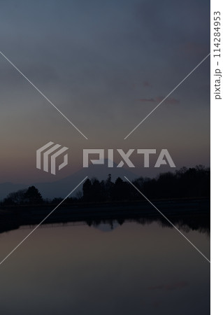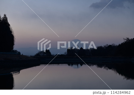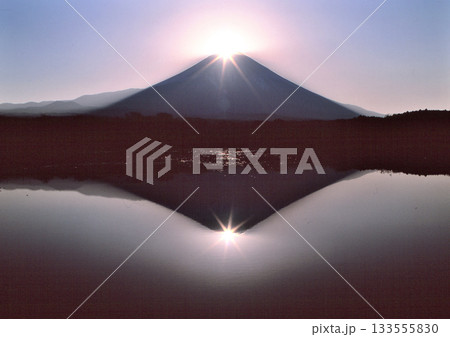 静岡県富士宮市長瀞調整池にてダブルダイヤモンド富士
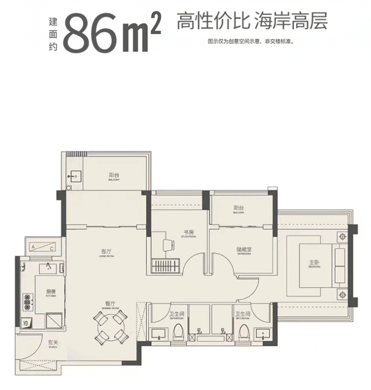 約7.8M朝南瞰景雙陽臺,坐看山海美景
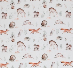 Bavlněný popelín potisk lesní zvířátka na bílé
★ ★ ★ ★
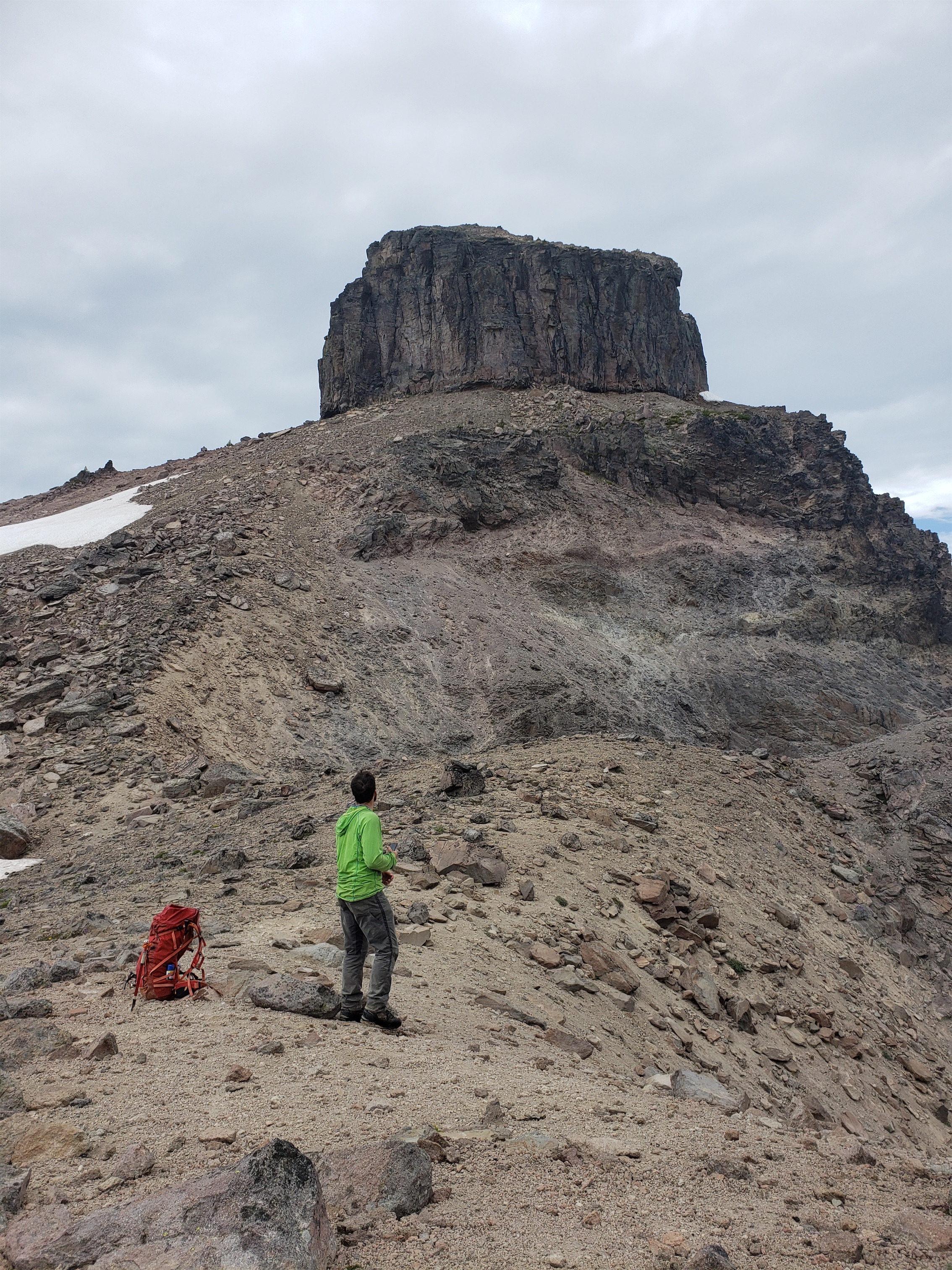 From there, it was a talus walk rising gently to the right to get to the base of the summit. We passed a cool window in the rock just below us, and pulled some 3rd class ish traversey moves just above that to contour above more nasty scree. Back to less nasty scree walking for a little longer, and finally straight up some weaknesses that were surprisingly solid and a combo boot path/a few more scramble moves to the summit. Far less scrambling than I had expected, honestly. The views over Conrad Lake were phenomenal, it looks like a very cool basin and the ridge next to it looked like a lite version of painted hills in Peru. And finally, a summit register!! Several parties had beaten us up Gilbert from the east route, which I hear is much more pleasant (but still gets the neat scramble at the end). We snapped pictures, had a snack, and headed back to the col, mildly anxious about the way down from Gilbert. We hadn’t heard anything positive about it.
★ ★ ★ ★
EXERCISE DESCRIPTION :: Set down again, exactly, every line above from the one with "約7.8M朝南瞰景雙陽臺,坐看山海美景" down to the one with "Bavlněný popelín potisk", both ends included. No pictures, and nothing else.

COMPLETED EXERCISE ::
 約7.8M朝南瞰景雙陽臺,坐看山海美景
 Bavlněný popelín potisk lesní zvířátka na bílé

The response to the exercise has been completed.